WORK INSTRUCTION — Locate "Green White Elegant" in the listing below, then output the line holding it and every line after it, exactly and with nothing else.

EXERCISE DATA —

════════════════

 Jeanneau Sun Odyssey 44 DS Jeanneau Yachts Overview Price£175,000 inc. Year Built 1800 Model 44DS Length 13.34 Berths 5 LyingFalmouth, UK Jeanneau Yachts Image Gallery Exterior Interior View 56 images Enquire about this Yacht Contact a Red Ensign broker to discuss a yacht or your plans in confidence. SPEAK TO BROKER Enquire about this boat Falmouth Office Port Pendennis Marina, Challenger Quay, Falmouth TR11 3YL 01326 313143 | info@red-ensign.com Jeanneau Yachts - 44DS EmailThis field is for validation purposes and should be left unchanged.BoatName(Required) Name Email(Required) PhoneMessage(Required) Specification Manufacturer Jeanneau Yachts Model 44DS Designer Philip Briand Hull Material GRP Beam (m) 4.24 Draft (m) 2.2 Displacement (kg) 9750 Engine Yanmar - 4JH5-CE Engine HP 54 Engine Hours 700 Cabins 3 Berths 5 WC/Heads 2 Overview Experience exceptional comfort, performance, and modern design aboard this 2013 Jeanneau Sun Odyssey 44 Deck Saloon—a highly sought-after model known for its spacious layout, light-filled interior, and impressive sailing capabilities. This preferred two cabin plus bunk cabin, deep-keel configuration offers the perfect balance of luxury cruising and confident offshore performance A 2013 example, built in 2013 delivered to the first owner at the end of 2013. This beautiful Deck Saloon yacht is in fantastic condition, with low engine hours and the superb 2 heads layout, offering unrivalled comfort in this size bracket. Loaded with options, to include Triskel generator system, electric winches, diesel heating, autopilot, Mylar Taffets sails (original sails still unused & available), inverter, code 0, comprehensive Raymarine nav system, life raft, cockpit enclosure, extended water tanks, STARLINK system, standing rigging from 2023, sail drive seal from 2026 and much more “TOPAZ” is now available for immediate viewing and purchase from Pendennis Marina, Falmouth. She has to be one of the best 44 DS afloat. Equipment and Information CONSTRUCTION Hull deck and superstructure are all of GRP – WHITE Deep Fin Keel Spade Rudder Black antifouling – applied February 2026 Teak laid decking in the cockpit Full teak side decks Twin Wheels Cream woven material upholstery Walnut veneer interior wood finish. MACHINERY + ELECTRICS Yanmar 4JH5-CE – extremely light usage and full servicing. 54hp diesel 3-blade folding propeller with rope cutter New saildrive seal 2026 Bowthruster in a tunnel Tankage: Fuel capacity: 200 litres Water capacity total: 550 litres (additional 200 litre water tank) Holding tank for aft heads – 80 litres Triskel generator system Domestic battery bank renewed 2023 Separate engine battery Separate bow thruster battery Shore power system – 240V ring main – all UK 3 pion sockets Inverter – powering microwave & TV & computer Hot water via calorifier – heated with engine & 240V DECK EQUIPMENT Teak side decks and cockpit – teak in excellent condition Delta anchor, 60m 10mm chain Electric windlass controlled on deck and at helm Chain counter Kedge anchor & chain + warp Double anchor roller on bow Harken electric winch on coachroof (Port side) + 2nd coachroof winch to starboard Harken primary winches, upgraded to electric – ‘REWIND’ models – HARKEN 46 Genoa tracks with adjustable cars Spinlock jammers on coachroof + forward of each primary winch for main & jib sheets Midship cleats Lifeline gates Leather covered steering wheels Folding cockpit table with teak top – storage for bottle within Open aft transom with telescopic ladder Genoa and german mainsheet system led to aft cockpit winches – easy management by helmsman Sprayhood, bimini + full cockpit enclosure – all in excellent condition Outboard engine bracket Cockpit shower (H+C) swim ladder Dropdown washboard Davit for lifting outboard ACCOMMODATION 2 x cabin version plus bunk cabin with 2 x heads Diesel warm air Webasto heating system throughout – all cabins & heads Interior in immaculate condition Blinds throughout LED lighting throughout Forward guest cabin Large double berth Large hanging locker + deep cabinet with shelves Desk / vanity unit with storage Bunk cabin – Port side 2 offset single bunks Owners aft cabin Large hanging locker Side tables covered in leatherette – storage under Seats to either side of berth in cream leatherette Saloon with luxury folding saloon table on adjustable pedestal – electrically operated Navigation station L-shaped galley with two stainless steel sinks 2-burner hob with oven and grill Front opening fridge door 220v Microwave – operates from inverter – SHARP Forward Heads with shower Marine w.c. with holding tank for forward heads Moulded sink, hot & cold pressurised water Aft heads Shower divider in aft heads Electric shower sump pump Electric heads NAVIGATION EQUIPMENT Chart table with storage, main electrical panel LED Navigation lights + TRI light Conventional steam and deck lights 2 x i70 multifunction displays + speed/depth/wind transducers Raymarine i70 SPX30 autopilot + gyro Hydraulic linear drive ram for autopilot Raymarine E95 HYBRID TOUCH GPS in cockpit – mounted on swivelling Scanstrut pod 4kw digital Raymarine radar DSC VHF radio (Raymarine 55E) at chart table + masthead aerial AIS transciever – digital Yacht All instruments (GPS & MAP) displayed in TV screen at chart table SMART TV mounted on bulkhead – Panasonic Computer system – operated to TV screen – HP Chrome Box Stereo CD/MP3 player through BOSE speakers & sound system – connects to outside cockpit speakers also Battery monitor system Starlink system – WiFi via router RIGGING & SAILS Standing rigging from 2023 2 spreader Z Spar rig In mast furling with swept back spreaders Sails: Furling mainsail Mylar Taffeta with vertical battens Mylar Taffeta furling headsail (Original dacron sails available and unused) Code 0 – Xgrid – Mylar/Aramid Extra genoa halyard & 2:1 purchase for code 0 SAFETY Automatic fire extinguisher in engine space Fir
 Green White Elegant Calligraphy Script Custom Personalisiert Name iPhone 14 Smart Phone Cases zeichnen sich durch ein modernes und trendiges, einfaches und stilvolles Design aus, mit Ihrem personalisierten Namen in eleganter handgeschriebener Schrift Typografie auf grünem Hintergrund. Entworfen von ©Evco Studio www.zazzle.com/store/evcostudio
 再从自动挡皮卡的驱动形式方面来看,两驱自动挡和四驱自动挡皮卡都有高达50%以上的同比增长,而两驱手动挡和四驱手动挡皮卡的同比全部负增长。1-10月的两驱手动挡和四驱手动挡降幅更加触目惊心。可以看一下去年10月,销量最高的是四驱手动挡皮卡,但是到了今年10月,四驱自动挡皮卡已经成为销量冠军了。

════════════════

THE ANSWER —
 Green White Elegant Calligraphy Script Custom Personalisiert Name iPhone 14 Smart Phone Cases zeichnen sich durch ein modernes und trendiges, einfaches und stilvolles Design aus, mit Ihrem personalisierten Namen in eleganter handgeschriebener Schrift Typografie auf grünem Hintergrund. Entworfen von ©Evco Studio www.zazzle.com/store/evcostudio
 再从自动挡皮卡的驱动形式方面来看,两驱自动挡和四驱自动挡皮卡都有高达50%以上的同比增长,而两驱手动挡和四驱手动挡皮卡的同比全部负增长。1-10月的两驱手动挡和四驱手动挡降幅更加触目惊心。可以看一下去年10月,销量最高的是四驱手动挡皮卡,但是到了今年10月,四驱自动挡皮卡已经成为销量冠军了。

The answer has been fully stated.